INPUT MATERIAL: Begin

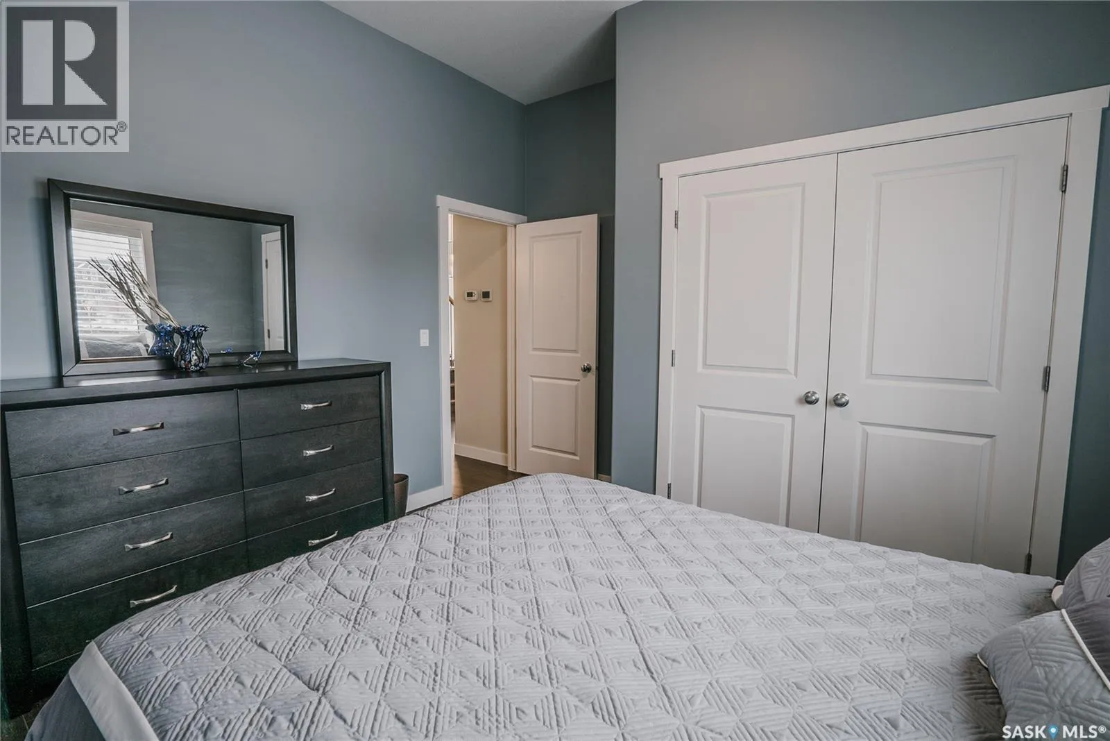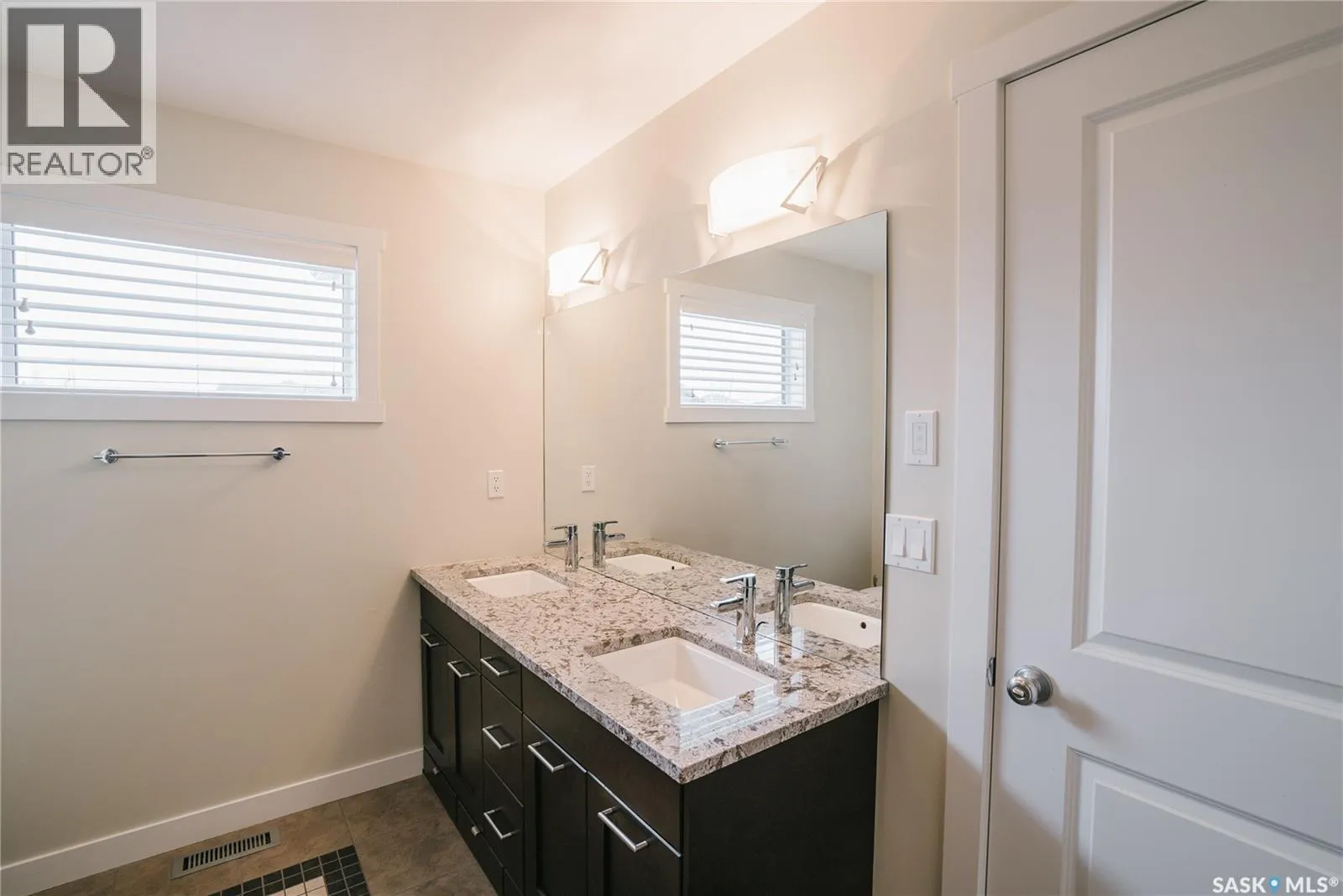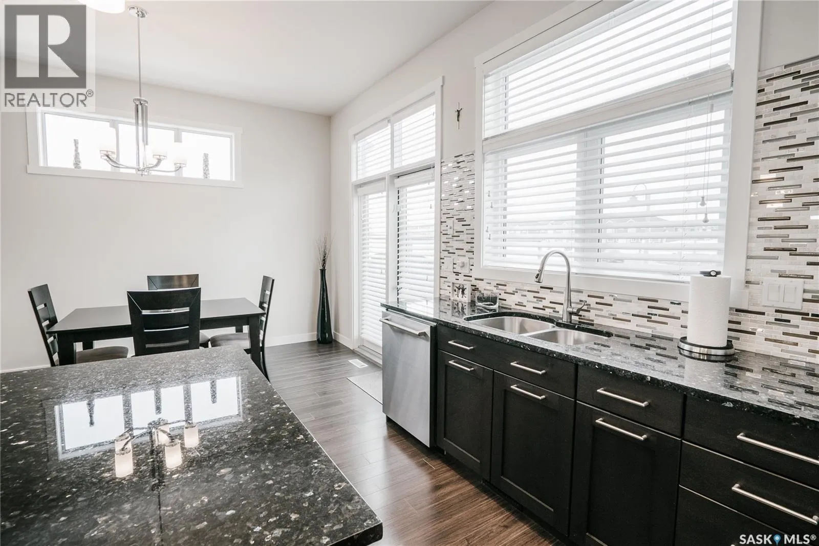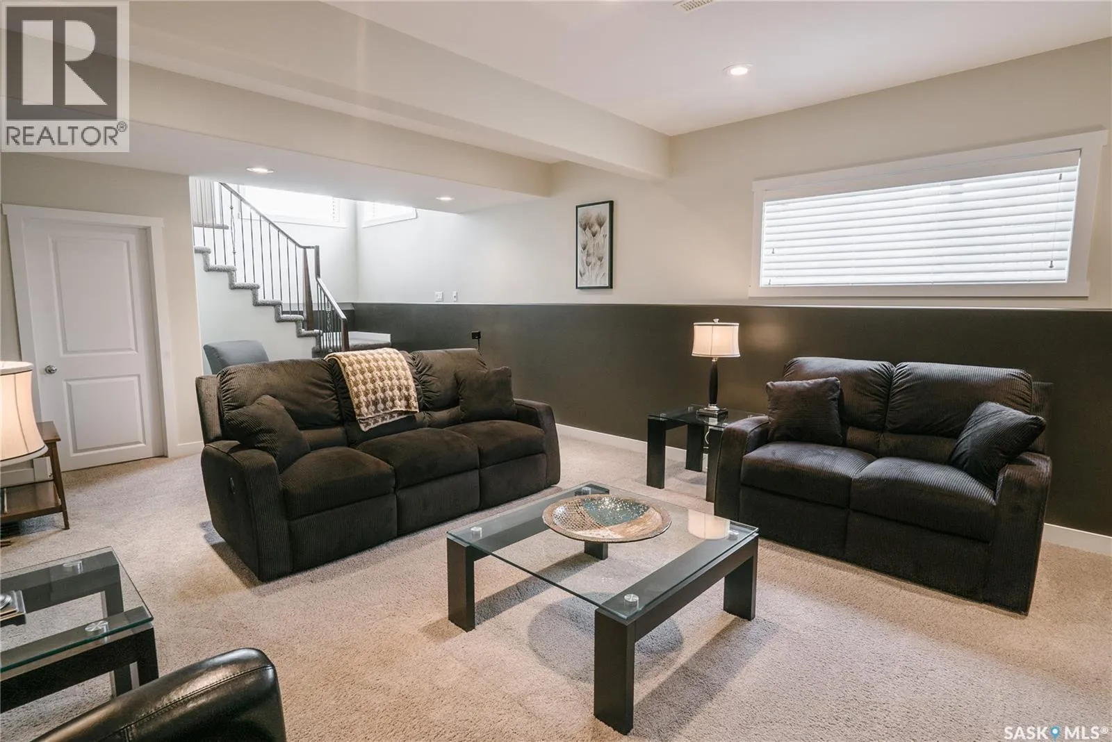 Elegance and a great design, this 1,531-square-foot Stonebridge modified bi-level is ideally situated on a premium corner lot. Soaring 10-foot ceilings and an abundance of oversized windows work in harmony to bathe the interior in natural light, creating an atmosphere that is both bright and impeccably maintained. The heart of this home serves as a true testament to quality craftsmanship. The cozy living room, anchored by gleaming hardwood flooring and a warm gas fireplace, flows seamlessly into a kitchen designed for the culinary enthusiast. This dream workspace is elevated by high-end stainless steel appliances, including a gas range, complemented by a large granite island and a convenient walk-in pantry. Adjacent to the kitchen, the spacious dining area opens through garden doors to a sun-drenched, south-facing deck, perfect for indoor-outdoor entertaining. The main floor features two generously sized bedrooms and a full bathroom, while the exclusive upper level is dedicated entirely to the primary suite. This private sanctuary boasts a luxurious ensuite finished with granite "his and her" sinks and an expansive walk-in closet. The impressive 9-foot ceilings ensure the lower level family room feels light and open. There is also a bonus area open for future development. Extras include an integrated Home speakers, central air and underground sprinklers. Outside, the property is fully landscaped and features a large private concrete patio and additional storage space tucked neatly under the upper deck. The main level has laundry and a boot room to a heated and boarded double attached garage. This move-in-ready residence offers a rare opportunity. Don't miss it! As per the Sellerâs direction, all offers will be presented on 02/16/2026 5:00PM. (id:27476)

INPUT MATERIAL: End
INPUT MATERIAL: Begin

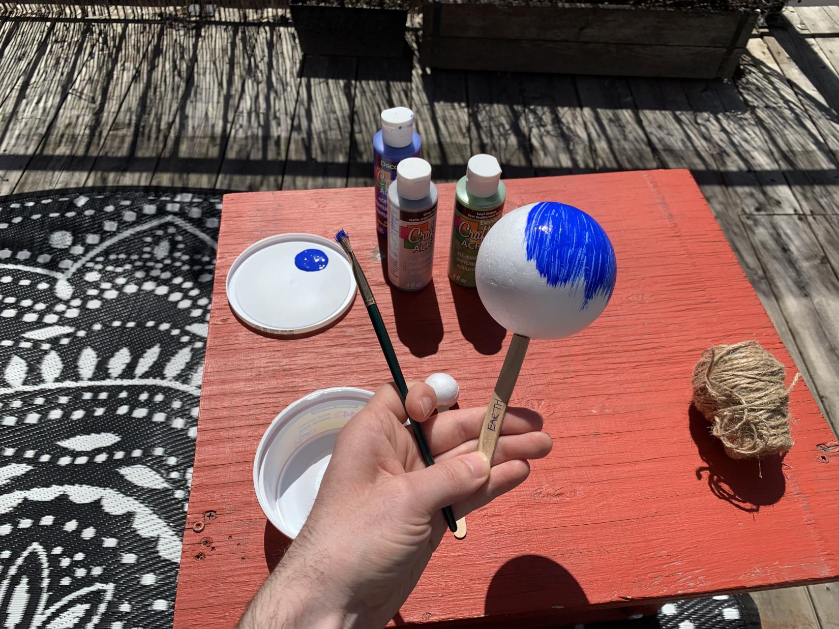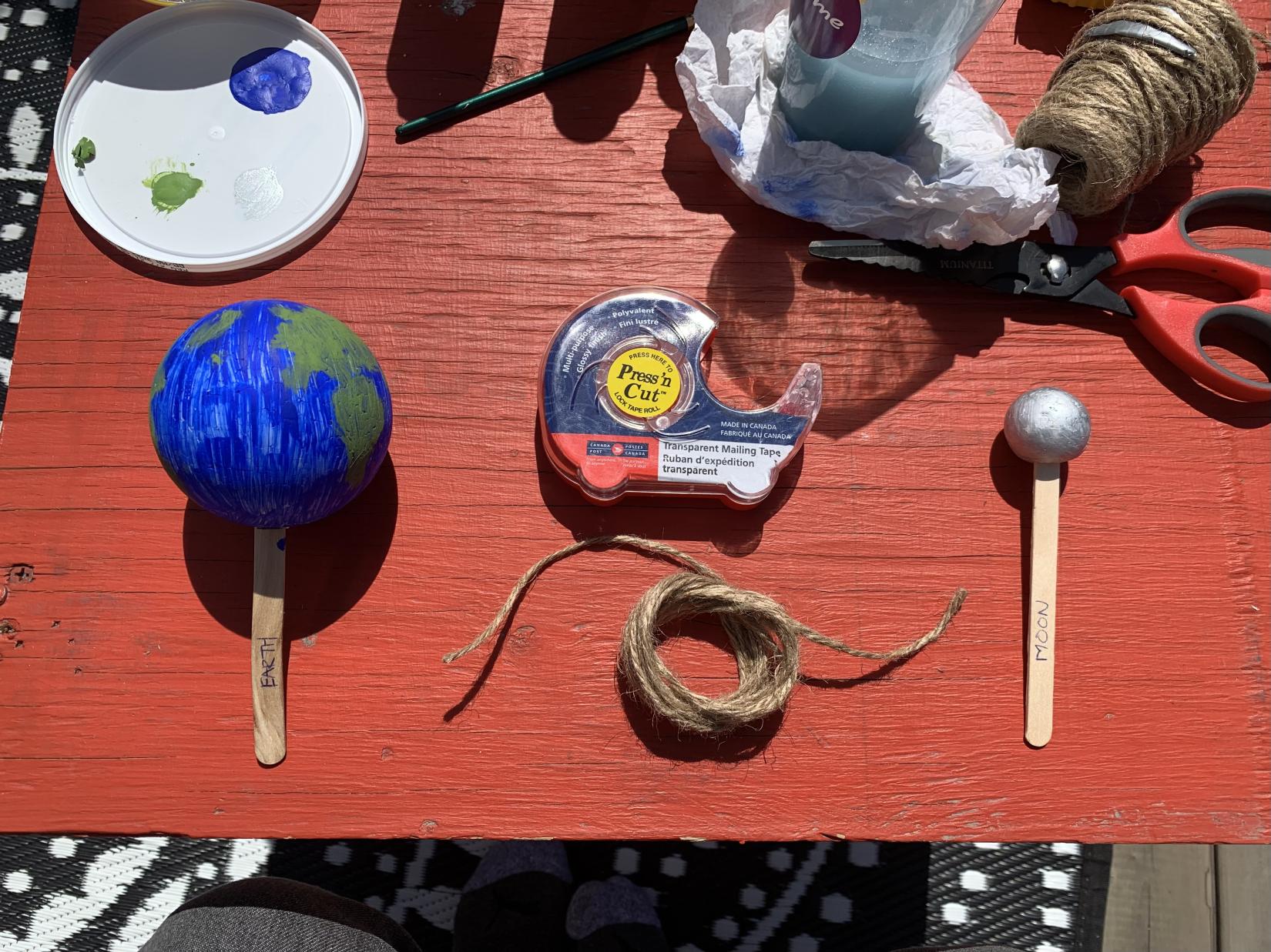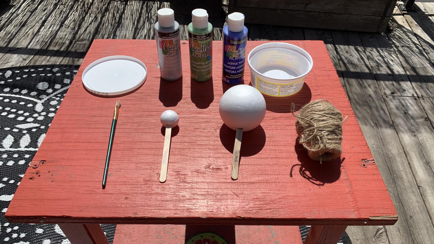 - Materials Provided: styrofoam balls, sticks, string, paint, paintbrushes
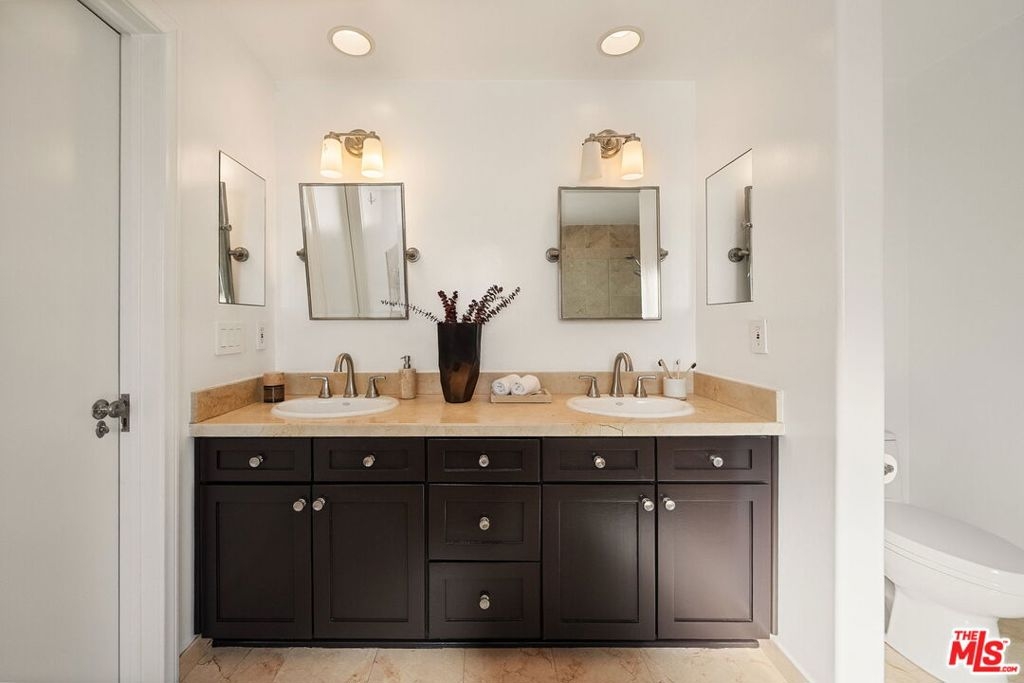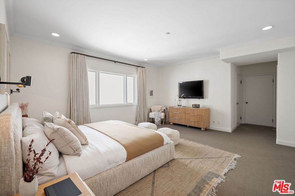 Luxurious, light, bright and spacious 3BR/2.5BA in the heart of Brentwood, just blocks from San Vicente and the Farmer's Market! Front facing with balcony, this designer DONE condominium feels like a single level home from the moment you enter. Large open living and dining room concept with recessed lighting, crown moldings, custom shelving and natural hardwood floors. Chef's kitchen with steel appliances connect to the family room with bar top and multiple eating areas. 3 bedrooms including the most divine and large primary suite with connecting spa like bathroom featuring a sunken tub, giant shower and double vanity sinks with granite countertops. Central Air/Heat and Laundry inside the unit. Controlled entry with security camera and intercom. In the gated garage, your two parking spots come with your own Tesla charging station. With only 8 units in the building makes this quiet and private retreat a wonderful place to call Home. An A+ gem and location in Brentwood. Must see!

INPUT MATERIAL: End
INPUT MATERIAL: Begin

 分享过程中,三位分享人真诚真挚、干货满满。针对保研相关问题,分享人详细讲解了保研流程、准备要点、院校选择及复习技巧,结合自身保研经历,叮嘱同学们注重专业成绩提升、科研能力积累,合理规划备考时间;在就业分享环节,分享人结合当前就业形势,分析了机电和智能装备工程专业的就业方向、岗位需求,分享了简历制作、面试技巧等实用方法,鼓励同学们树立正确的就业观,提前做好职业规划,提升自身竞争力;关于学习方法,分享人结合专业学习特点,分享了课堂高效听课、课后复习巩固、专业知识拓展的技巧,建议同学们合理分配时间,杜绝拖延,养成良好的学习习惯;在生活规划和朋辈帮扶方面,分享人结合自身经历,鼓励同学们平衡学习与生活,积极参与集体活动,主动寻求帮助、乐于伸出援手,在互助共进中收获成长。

INPUT MATERIAL: End

In the records above, everything from the line with "- Materials Provided: styrofoam" down to the line with "Luxurious, light, bright" must be duplicated exactly, both lines kept. Leave no pictures in.

REPLY:
 - Materials Provided: styrofoam balls, sticks, string, paint, paintbrushes
 Luxurious, light, bright and spacious 3BR/2.5BA in the heart of Brentwood, just blocks from San Vicente and the Farmer's Market! Front facing with balcony, this designer DONE condominium feels like a single level home from the moment you enter. Large open living and dining room concept with recessed lighting, crown moldings, custom shelving and natural hardwood floors. Chef's kitchen with steel appliances connect to the family room with bar top and multiple eating areas. 3 bedrooms including the most divine and large primary suite with connecting spa like bathroom featuring a sunken tub, giant shower and double vanity sinks with granite countertops. Central Air/Heat and Laundry inside the unit. Controlled entry with security camera and intercom. In the gated garage, your two parking spots come with your own Tesla charging station. With only 8 units in the building makes this quiet and private retreat a wonderful place to call Home. An A+ gem and location in Brentwood. Must see!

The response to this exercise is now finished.